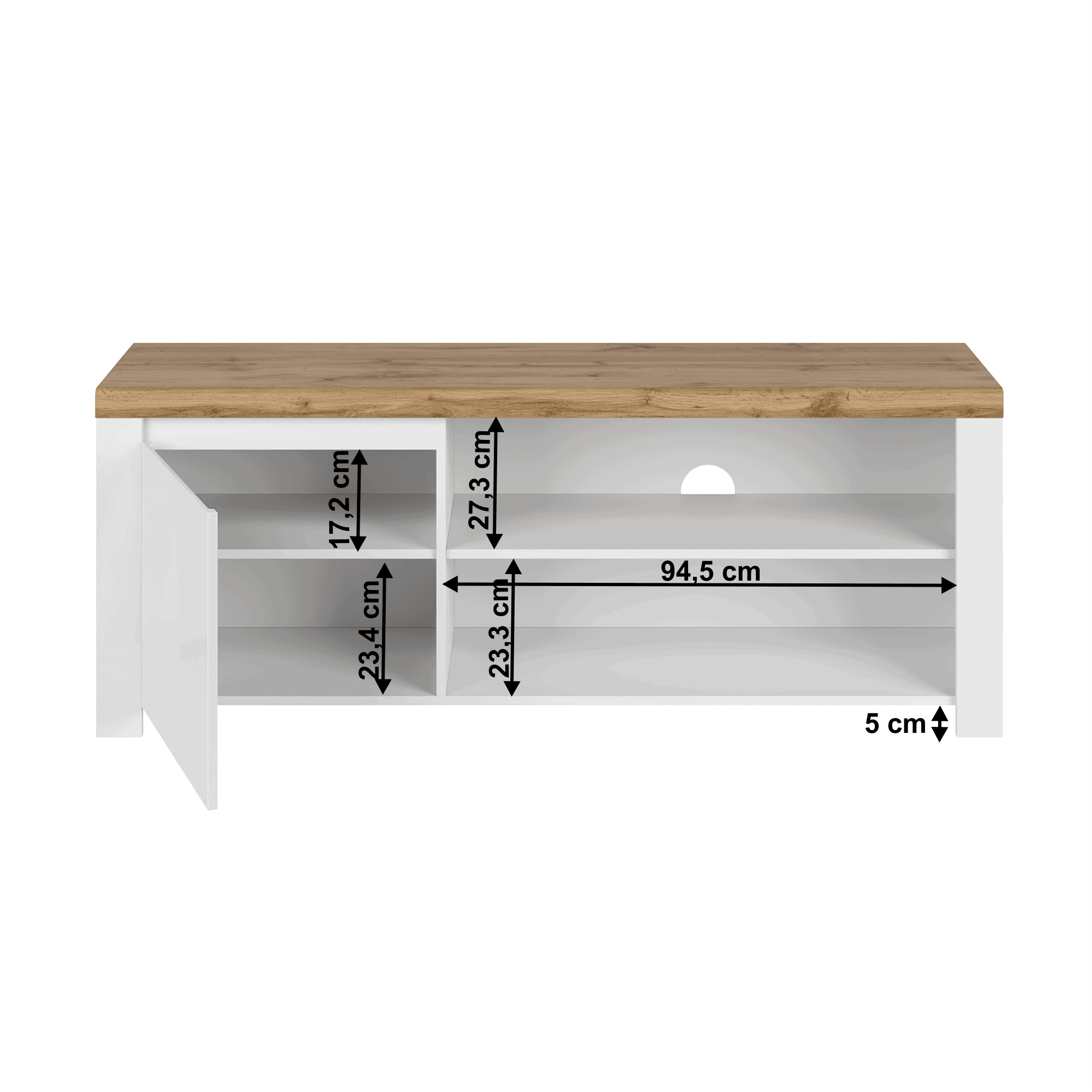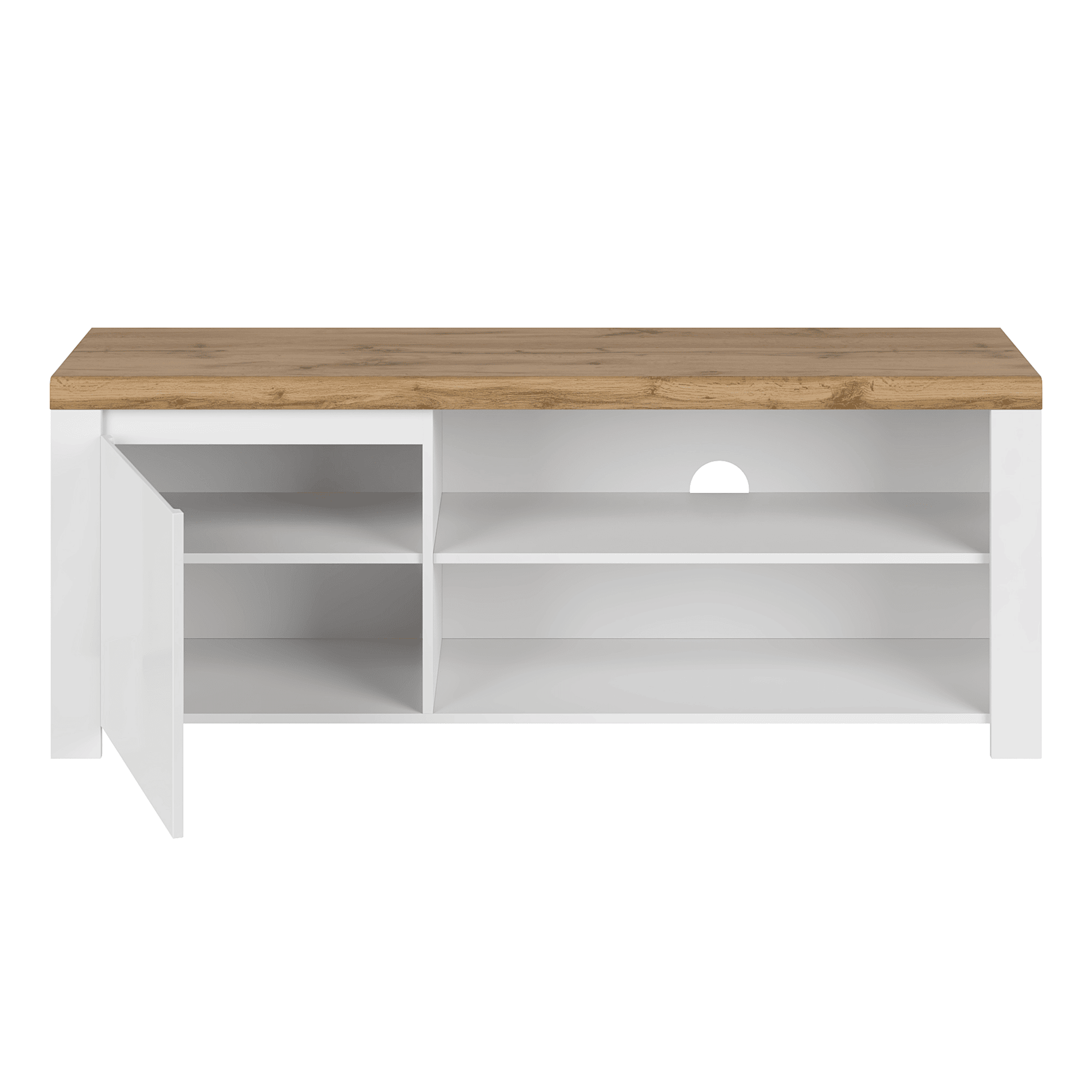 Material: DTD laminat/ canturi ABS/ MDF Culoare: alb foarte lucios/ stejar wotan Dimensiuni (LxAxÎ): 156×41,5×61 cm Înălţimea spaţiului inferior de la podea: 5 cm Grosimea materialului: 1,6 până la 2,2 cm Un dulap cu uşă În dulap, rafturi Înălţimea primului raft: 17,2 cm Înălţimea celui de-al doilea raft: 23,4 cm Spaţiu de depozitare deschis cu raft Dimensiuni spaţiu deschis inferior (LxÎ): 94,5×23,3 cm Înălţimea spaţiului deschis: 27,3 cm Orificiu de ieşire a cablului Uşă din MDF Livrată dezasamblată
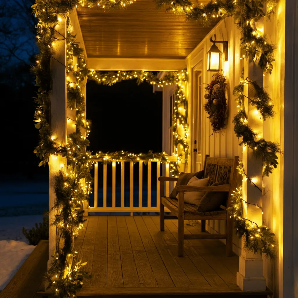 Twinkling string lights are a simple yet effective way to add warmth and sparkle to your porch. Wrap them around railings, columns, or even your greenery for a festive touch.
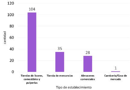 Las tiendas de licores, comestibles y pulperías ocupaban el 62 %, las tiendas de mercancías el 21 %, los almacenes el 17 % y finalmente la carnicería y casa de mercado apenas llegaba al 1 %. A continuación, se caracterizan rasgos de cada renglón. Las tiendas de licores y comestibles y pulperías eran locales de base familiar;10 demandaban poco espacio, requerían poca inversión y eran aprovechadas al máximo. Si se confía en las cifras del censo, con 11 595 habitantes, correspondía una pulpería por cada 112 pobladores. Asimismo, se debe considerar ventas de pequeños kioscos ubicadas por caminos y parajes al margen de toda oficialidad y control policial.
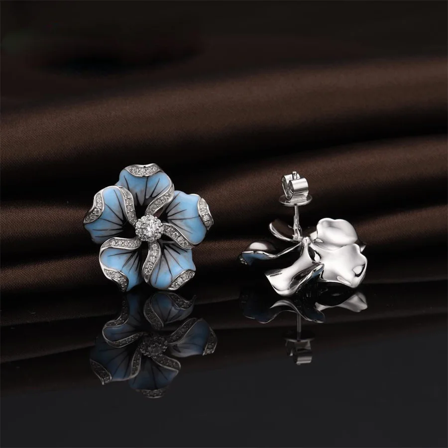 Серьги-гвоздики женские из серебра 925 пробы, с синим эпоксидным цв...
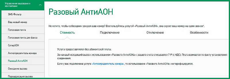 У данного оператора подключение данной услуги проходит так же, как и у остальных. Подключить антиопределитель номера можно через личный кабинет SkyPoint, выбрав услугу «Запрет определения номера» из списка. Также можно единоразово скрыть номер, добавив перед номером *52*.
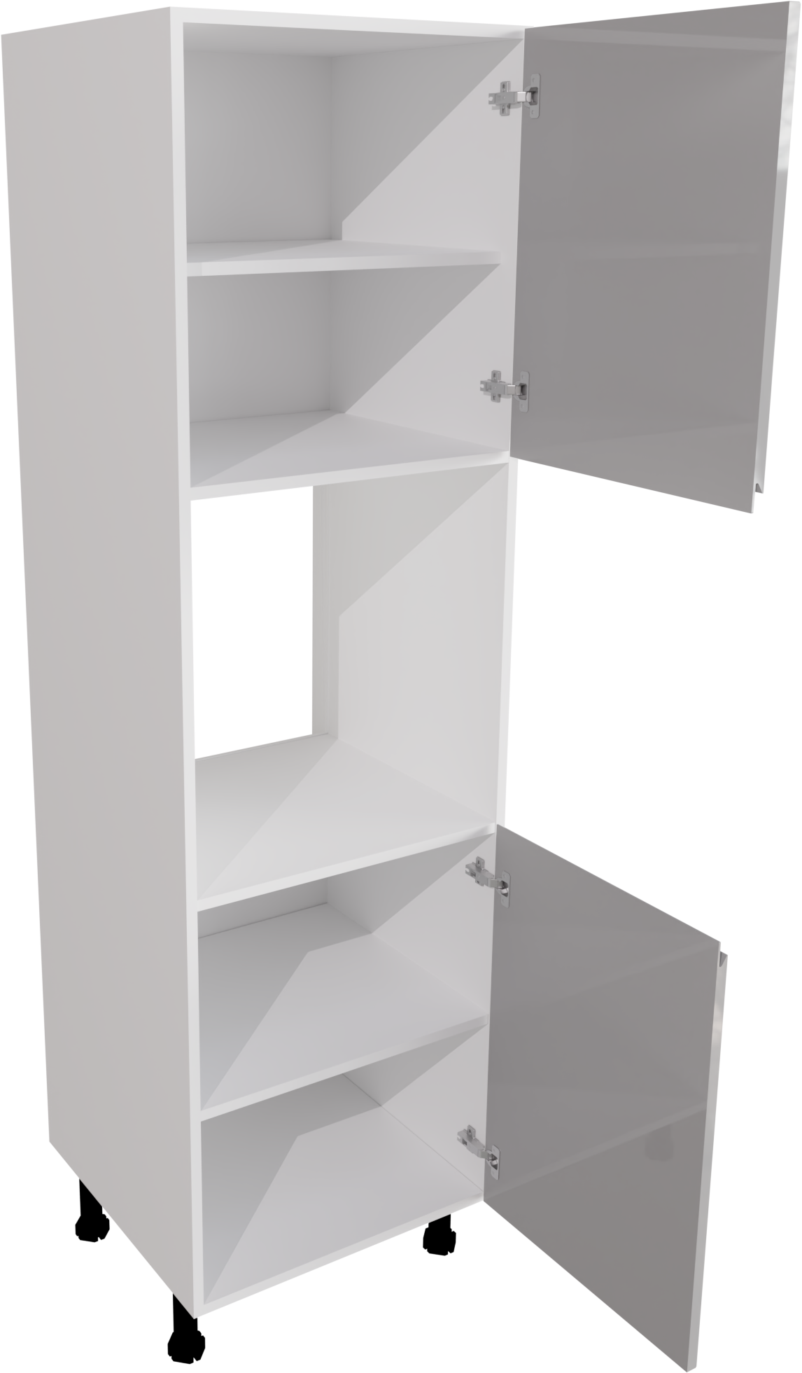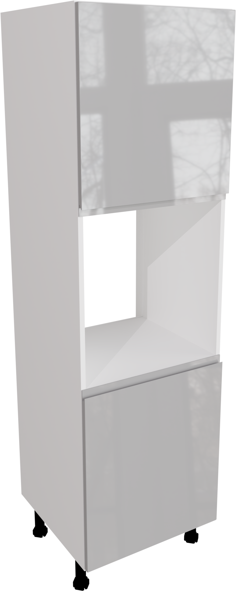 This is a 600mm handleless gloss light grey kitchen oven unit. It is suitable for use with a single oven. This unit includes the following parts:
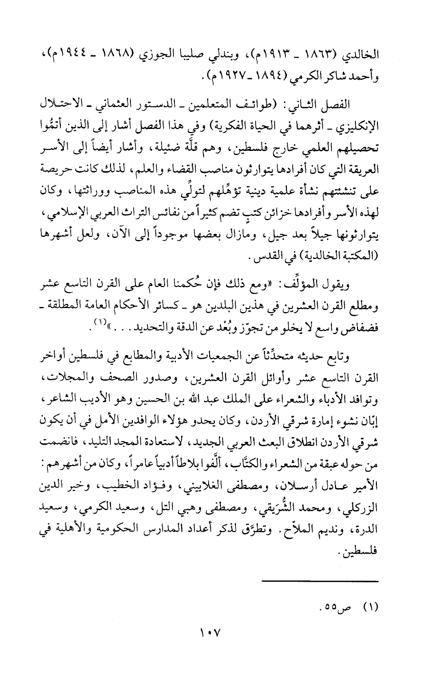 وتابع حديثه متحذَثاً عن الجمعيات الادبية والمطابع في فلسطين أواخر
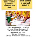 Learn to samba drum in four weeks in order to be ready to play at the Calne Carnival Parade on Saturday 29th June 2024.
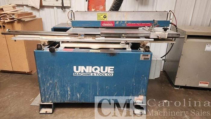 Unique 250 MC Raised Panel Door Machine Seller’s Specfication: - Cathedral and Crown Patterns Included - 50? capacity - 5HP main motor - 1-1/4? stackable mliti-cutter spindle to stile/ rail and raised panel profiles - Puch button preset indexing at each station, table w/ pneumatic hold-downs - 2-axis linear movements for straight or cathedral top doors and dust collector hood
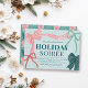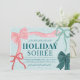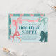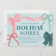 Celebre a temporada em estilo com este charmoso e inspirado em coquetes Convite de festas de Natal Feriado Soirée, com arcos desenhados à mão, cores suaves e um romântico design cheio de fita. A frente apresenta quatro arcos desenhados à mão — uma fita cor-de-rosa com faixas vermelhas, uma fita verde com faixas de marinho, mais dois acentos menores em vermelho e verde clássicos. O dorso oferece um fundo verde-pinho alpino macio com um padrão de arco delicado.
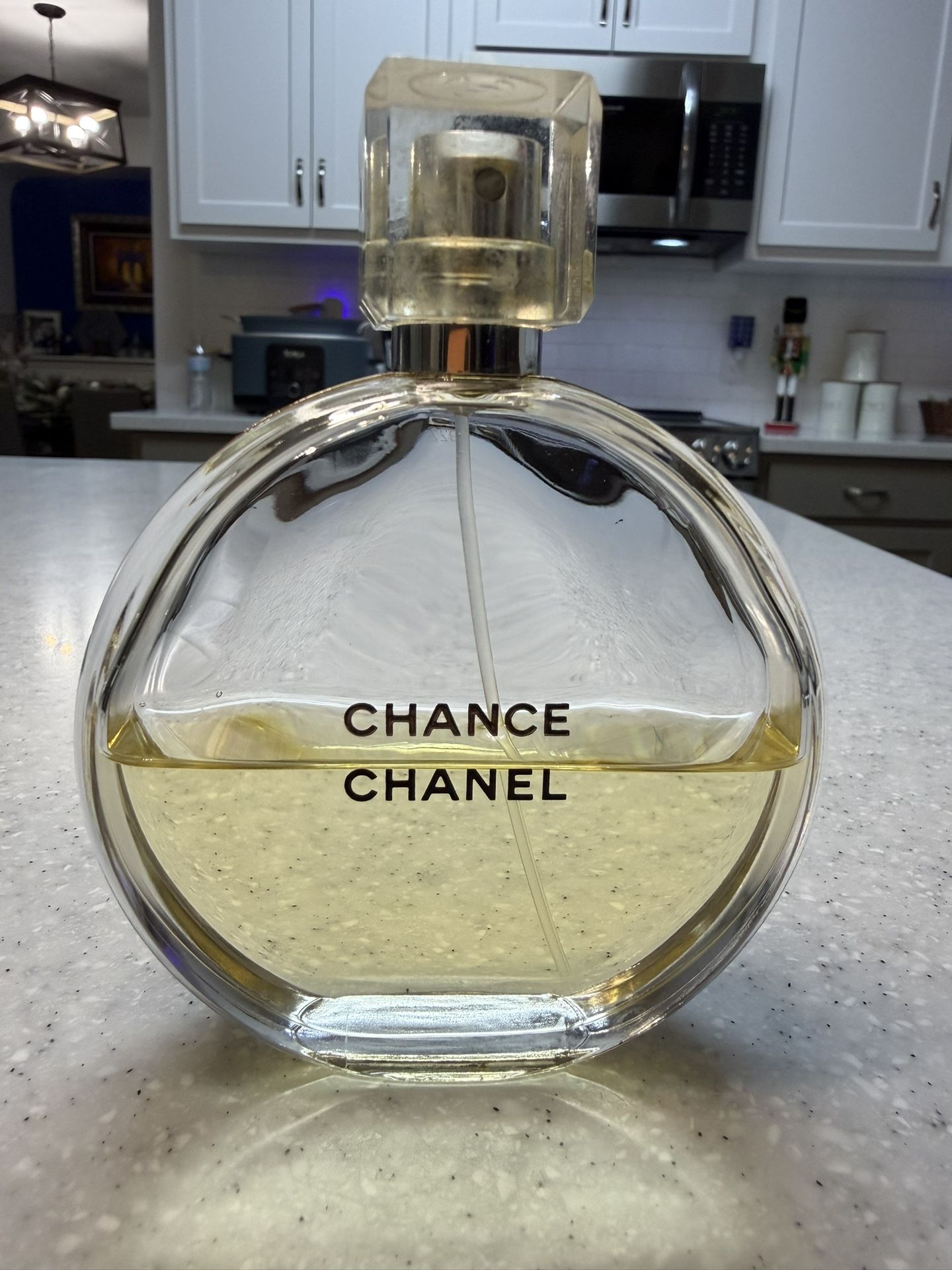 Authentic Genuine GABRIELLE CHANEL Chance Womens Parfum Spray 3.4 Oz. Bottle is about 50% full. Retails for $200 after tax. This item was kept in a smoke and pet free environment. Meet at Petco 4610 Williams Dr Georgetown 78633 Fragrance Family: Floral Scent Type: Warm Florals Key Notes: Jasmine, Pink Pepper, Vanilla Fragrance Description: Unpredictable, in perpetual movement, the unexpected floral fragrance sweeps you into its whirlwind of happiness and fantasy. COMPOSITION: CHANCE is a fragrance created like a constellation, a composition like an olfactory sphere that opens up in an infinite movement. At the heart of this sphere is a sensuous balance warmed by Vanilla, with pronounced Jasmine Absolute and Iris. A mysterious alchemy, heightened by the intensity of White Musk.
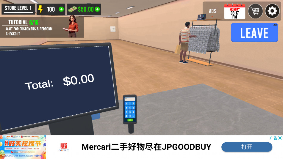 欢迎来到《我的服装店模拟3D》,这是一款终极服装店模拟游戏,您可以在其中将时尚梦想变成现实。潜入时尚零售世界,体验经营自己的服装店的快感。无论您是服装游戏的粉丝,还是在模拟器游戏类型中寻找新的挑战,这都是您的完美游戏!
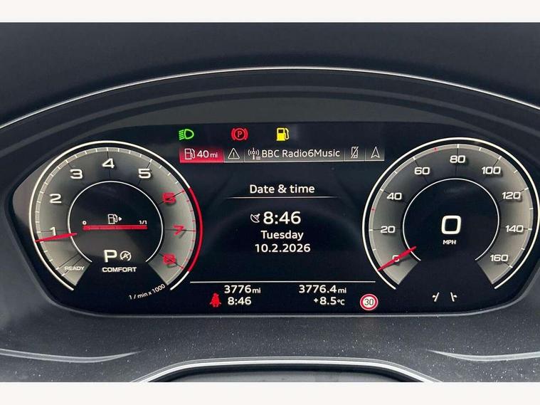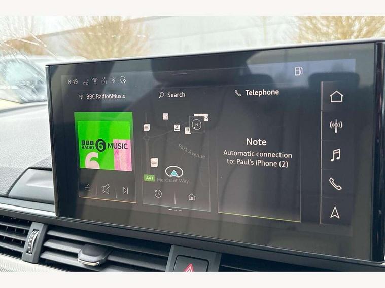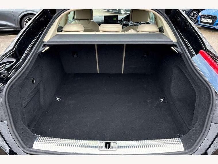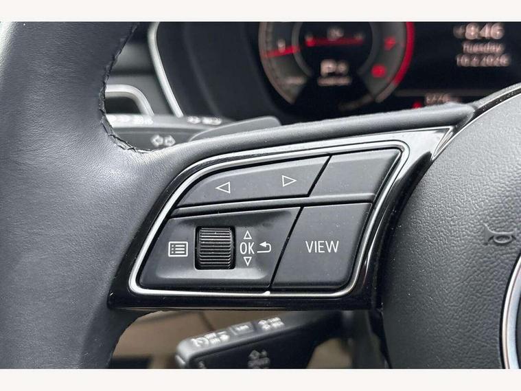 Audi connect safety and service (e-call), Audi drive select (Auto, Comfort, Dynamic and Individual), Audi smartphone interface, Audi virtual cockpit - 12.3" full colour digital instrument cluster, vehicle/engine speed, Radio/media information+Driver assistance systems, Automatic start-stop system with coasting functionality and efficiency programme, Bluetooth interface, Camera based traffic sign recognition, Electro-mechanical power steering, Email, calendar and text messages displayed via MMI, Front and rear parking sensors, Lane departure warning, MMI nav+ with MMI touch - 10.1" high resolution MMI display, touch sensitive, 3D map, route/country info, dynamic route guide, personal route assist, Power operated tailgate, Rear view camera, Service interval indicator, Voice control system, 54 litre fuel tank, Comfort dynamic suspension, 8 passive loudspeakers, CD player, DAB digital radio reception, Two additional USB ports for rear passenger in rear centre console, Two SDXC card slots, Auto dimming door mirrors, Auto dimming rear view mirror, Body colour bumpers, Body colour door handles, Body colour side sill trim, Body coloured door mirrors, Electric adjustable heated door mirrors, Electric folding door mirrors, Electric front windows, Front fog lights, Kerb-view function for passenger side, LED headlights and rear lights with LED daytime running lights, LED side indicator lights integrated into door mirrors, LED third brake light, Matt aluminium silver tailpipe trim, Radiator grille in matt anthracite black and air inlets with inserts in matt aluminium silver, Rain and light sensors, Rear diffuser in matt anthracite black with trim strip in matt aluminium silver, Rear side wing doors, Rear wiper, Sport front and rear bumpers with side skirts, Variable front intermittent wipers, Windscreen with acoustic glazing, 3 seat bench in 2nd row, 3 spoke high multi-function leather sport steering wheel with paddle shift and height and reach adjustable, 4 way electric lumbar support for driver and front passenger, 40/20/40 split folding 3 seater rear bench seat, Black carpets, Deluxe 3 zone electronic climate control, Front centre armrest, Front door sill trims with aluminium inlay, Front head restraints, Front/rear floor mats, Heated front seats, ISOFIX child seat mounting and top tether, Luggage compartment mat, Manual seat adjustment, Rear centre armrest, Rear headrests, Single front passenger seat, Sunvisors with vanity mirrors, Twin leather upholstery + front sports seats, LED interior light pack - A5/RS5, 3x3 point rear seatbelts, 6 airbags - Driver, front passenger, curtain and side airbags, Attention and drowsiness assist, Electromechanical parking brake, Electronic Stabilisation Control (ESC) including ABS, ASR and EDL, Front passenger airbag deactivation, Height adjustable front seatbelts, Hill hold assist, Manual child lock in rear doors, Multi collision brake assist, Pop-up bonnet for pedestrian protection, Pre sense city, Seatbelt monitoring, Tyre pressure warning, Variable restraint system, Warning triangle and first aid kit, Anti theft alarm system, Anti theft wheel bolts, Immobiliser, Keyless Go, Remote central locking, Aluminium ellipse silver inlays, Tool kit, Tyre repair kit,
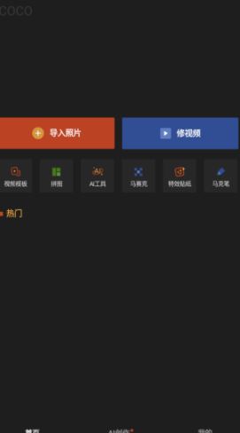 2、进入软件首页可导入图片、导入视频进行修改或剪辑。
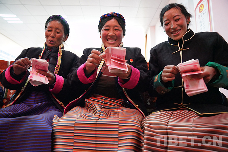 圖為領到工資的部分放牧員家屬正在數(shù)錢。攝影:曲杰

Work request: Copy every line exactly, from the opening line of the entries down to the line holding "Twinkling string lights", and keep the pictures out.

Answer to the problem:
 Material: DTD laminat/ canturi ABS/ MDF Culoare: alb foarte lucios/ stejar wotan Dimensiuni (LxAxÎ): 156×41,5×61 cm Înălţimea spaţiului inferior de la podea: 5 cm Grosimea materialului: 1,6 până la 2,2 cm Un dulap cu uşă În dulap, rafturi Înălţimea primului raft: 17,2 cm Înălţimea celui de-al doilea raft: 23,4 cm Spaţiu de depozitare deschis cu raft Dimensiuni spaţiu deschis inferior (LxÎ): 94,5×23,3 cm Înălţimea spaţiului deschis: 27,3 cm Orificiu de ieşire a cablului Uşă din MDF Livrată dezasamblată
 Twinkling string lights are a simple yet effective way to add warmth and sparkle to your porch. Wrap them around railings, columns, or even your greenery for a festive touch.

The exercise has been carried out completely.